The trial then advanced to transplantation in the cervical (upper back) region of the spine. The first cohort of three was treated in the cervical region only. The current cohort of three will receive injections in both the cervical and lumbar regions of the spinal cord. In an amendment to the trial design, The Food and Drug Administration (FDA) approved the return of previously-treated patients to this cohort. The first of these returning patients was just treated. The entire 18-patient trial concludes six months after the final surgery.
About Neuralstem
Neuralstem's patented technology enables the ability to produce neural stem cells of the human brain and spinal cord in commercial quantities, and the ability to control the differentiation of these cells constitutively into mature, physiologically relevant human neurons and glia. Neuralstem is in an FDA-approved Phase I safety clinical trial for amyotrophic lateral sclerosis (ALS), often referred to as Lou Gehrig's disease, and has been awarded orphan status designation by the FDA.

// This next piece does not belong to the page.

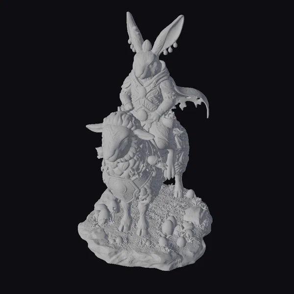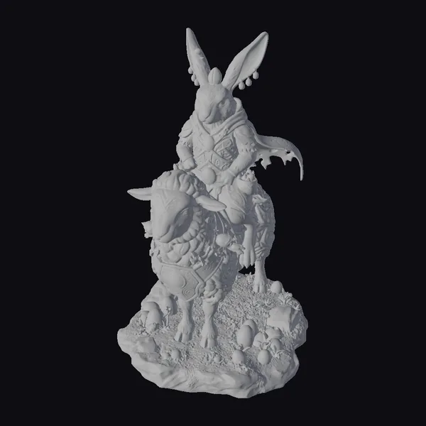 In a scene that captures the essence of spring and renewal, a fantastical rabbit rider sits confidently on a stately white sheep. The rider’s armor shines with a mix of gold and green hues, complemented by a flowing cape that adds a sense of movement. The rabbit’s ears are uniquely adorned with pearls, adding to its mystical aura. The sheep, with its detailed wool and serene expression, is festively decorated with garlands and eggs, symbolizing the joy of Easter. The base, covered in vibrant green moss and scattered with colorful eggs, completes this enchanting tableau. Ideal for games, animation, or as a decorative piece, this model brings a touch of fantasy and celebration to any project.

In addition to ALS, the company is also targeting major central nervous system conditions with its cell therapy platform, including spinal cord injury, ischemic spastic paraplegia and chronic stroke. The company has submitted an IND (Investigational New Drug) application to the FDA for a Phase I safety trial in chronic spinal cord injury.
Neuralstem also has the ability to generate stable human neural stem cell lines suitable for the systematic screening of large chemical libraries. Through this proprietary screening technology, Neuralstem has discovered and patented compounds that may stimulate the brain's capacity to generate new neurons, possibly reversing the pathologies of some central nervous system conditions. The company has received approval from the FDA to conduct a Phase Ib safety trial evaluating NSI-189, its first neurogenic small molecule compound, for the treatment of major depressive disorder (MDD). Additional indications could include CTE (chronic traumatic encephalopathy), Alzheimer's disease, anxiety, and memory disorders.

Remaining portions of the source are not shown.